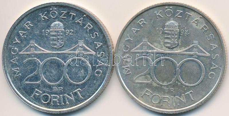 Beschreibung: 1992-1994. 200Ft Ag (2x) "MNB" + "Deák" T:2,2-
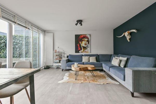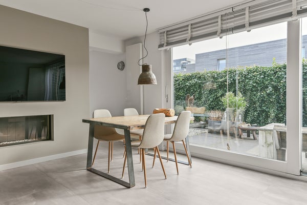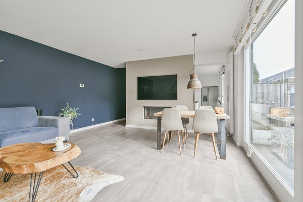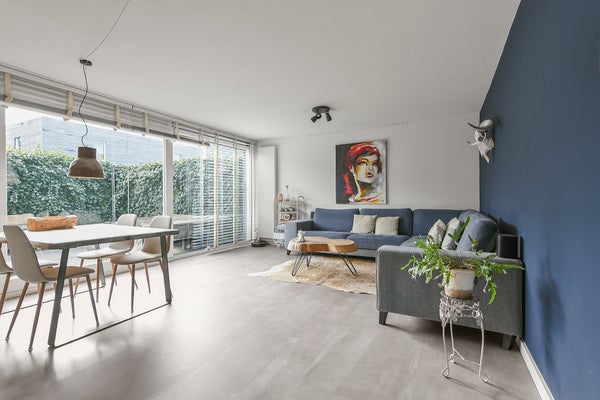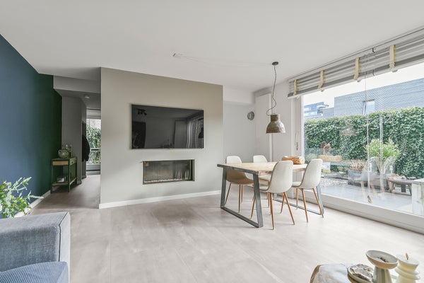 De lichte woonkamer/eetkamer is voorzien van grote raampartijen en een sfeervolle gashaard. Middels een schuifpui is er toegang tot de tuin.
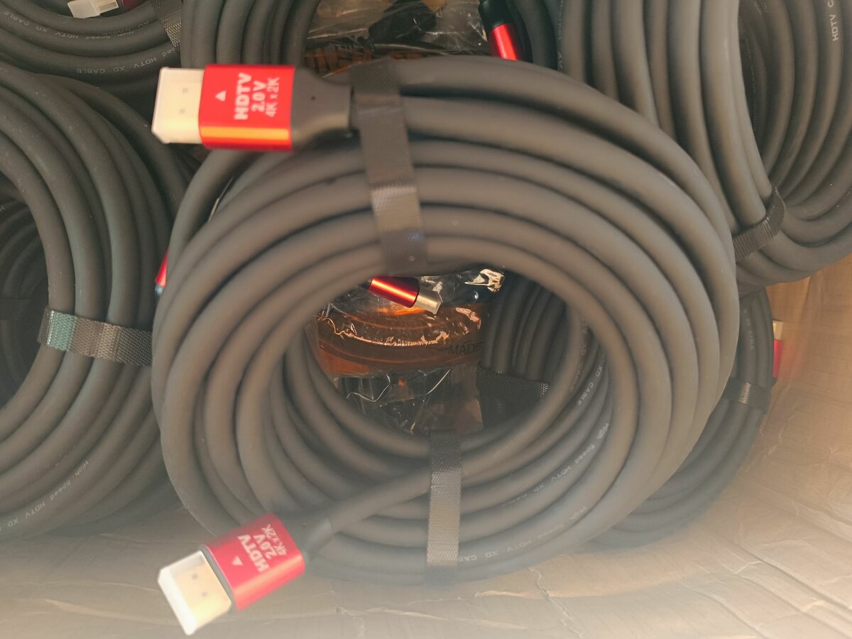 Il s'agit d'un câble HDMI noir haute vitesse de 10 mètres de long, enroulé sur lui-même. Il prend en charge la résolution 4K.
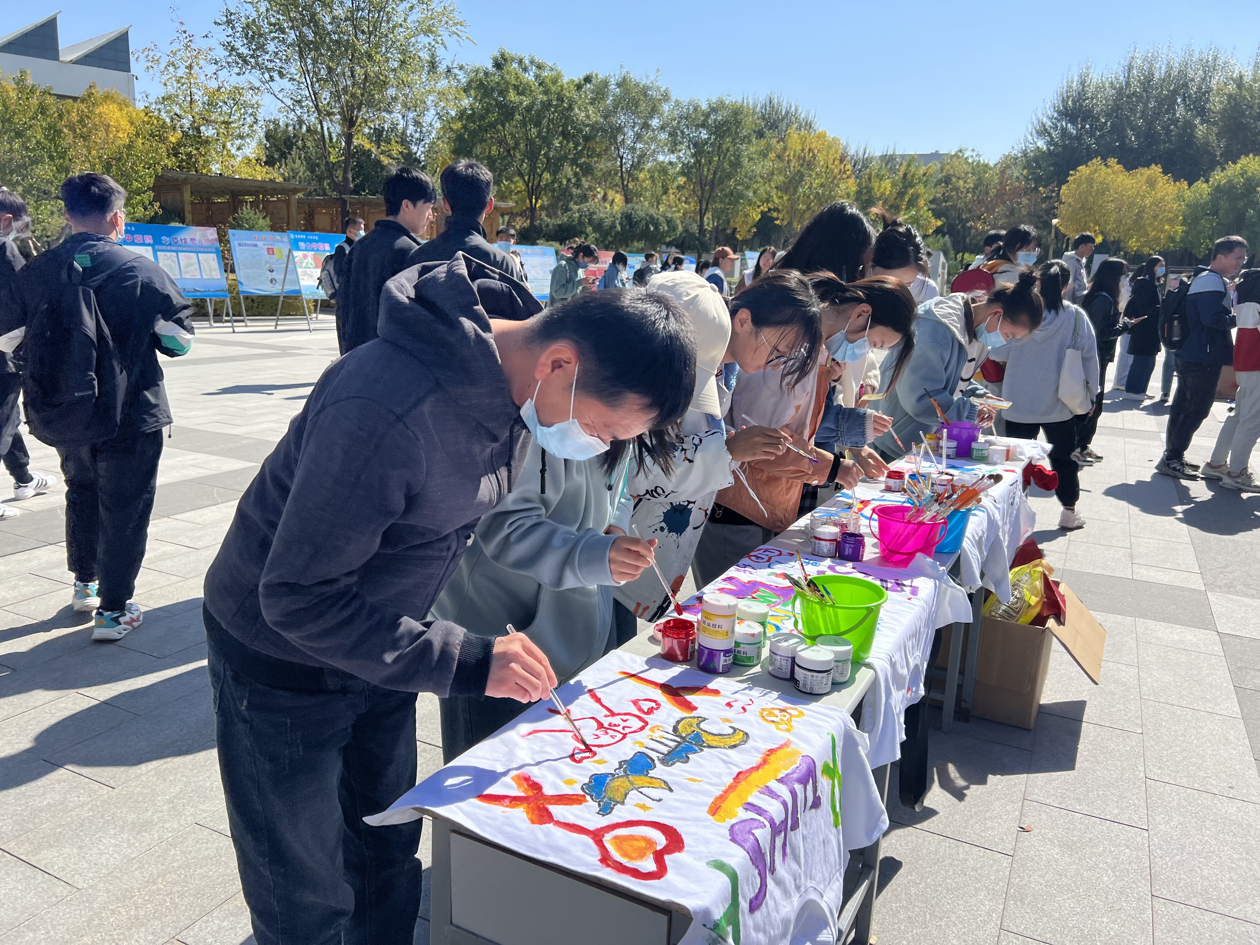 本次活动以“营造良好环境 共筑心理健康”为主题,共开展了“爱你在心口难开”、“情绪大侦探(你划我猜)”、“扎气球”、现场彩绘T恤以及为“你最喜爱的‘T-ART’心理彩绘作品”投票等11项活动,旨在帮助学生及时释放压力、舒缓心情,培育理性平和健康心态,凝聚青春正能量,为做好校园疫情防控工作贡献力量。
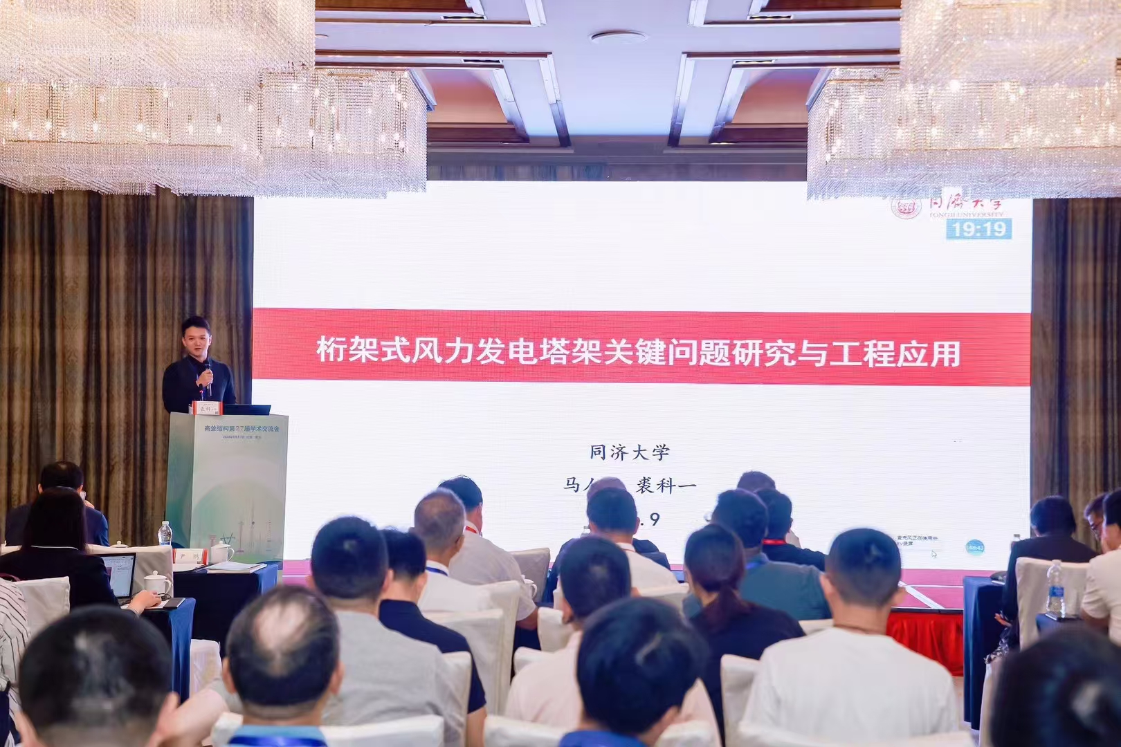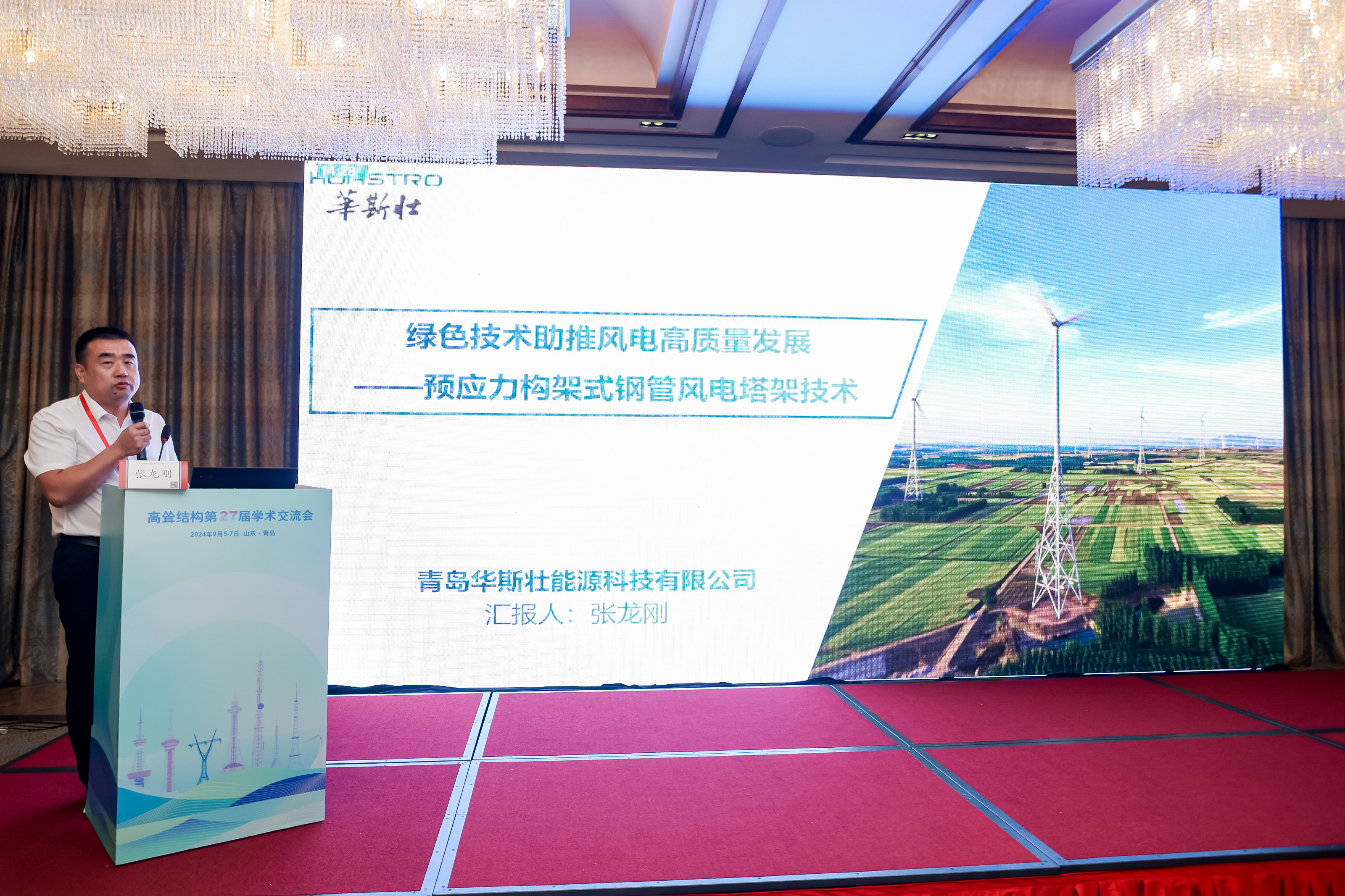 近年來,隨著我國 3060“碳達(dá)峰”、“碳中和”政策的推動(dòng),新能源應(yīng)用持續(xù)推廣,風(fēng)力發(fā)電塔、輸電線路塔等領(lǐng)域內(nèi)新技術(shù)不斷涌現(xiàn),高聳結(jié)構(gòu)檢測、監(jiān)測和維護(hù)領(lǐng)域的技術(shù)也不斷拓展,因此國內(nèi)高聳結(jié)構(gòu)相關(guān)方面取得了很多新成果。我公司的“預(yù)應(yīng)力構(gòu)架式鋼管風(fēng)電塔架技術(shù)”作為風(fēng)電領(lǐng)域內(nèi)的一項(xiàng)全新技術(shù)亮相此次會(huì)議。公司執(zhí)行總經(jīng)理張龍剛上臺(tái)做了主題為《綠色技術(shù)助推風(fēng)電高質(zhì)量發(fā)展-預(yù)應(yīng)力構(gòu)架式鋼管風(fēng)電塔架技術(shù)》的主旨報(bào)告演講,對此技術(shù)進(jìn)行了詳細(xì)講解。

* TASK DESCRIPTION *
Reprint the entries above exactly, images removed.

* THE ANSWER *
 Beschreibung: 1992-1994. 200Ft Ag (2x) "MNB" + "Deák" T:2,2-
 De lichte woonkamer/eetkamer is voorzien van grote raampartijen en een sfeervolle gashaard. Middels een schuifpui is er toegang tot de tuin.
 Il s'agit d'un câble HDMI noir haute vitesse de 10 mètres de long, enroulé sur lui-même. Il prend en charge la résolution 4K.
 本次活动以“营造良好环境 共筑心理健康”为主题,共开展了“爱你在心口难开”、“情绪大侦探(你划我猜)”、“扎气球”、现场彩绘T恤以及为“你最喜爱的‘T-ART’心理彩绘作品”投票等11项活动,旨在帮助学生及时释放压力、舒缓心情,培育理性平和健康心态,凝聚青春正能量,为做好校园疫情防控工作贡献力量。
 近年來,隨著我國 3060“碳達(dá)峰”、“碳中和”政策的推動(dòng),新能源應(yīng)用持續(xù)推廣,風(fēng)力發(fā)電塔、輸電線路塔等領(lǐng)域內(nèi)新技術(shù)不斷涌現(xiàn),高聳結(jié)構(gòu)檢測、監(jiān)測和維護(hù)領(lǐng)域的技術(shù)也不斷拓展,因此國內(nèi)高聳結(jié)構(gòu)相關(guān)方面取得了很多新成果。我公司的“預(yù)應(yīng)力構(gòu)架式鋼管風(fēng)電塔架技術(shù)”作為風(fēng)電領(lǐng)域內(nèi)的一項(xiàng)全新技術(shù)亮相此次會(huì)議。公司執(zhí)行總經(jīng)理張龍剛上臺(tái)做了主題為《綠色技術(shù)助推風(fēng)電高質(zhì)量發(fā)展-預(yù)應(yīng)力構(gòu)架式鋼管風(fēng)電塔架技術(shù)》的主旨報(bào)告演講,對此技術(shù)進(jìn)行了詳細(xì)講解。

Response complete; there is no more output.